Supplied data Start Marker
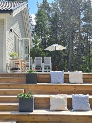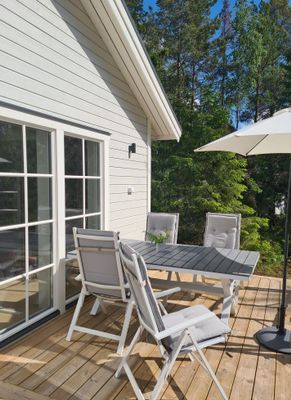 Värme/kyla styrs med luft-luftvärmepump så det finns AC om det behövs. 55 tums TV. Obegränsat mobilt wifi. Tillgång till olika utemöbler och grill. Större gräsmatta för lek.
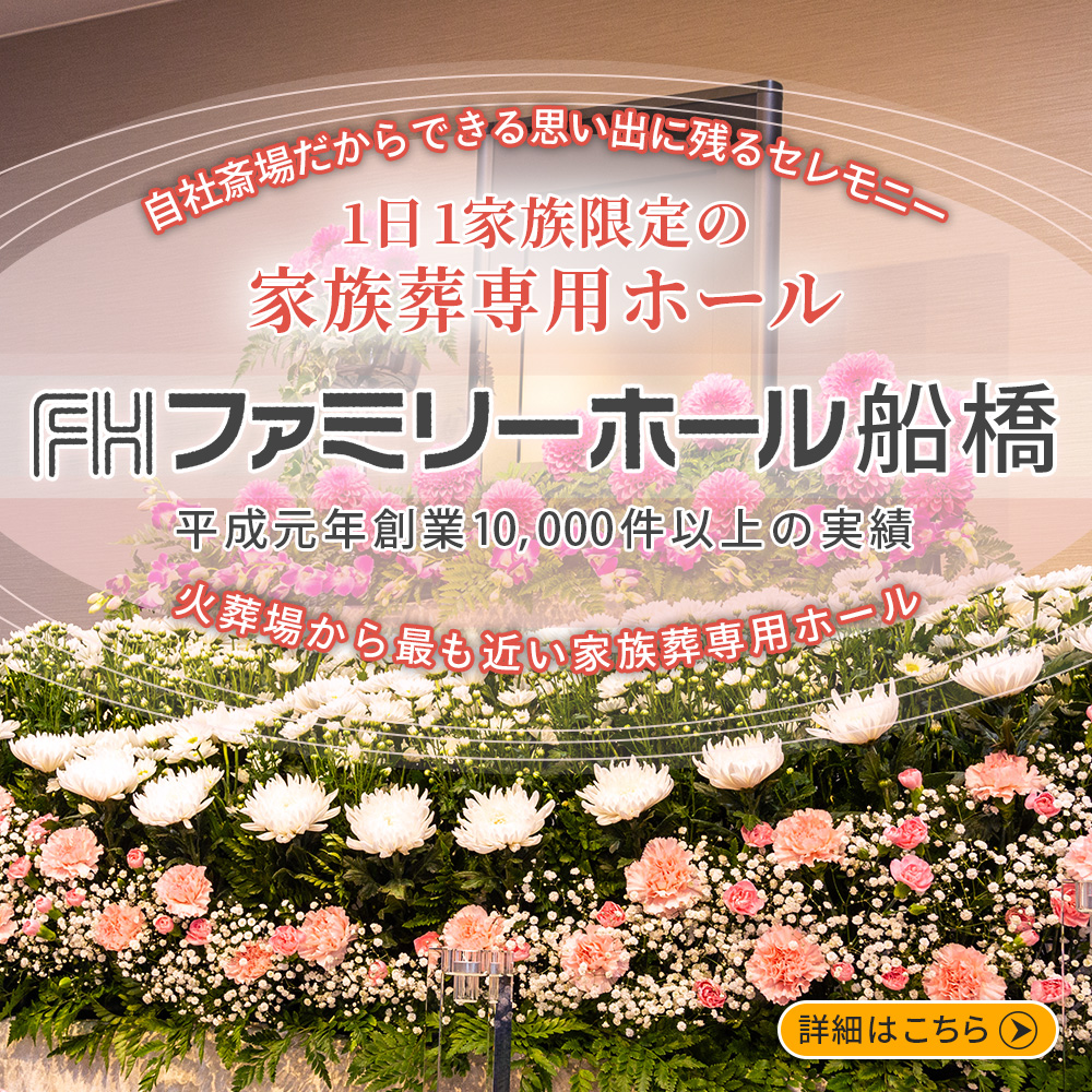 当斎場は千葉県船橋市にて地域密着で細やかなサポートにこだわったご葬儀・お別れ式を行う葬儀社・ファミリーホール船橋です。
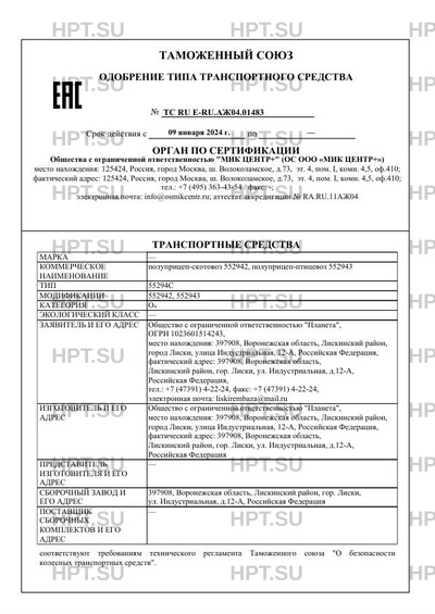Полное ОТТС ТС RU E-RU.АЖ04.01483
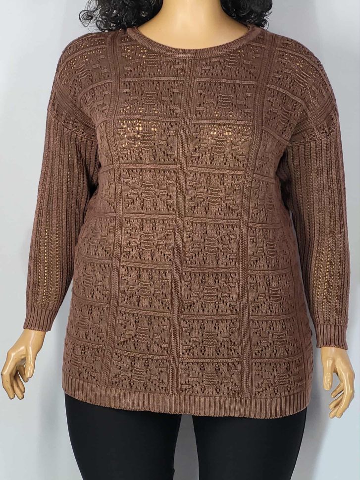 Дамски макси пуловер в големи размери интересна плетка варен памук различни цветове 01 01524
Supplied data End Marker
## Goal of the exercise
Reproduce verbatim the opening line of the material and every line after it, up to and including the line with "Полное ОТТС ТС RU E-RU.АЖ04.01483", but no pictures.

## Worked solution
 Värme/kyla styrs med luft-luftvärmepump så det finns AC om det behövs. 55 tums TV. Obegränsat mobilt wifi. Tillgång till olika utemöbler och grill. Större gräsmatta för lek.
 当斎場は千葉県船橋市にて地域密着で細やかなサポートにこだわったご葬儀・お別れ式を行う葬儀社・ファミリーホール船橋です。
Полное ОТТС ТС RU E-RU.АЖ04.01483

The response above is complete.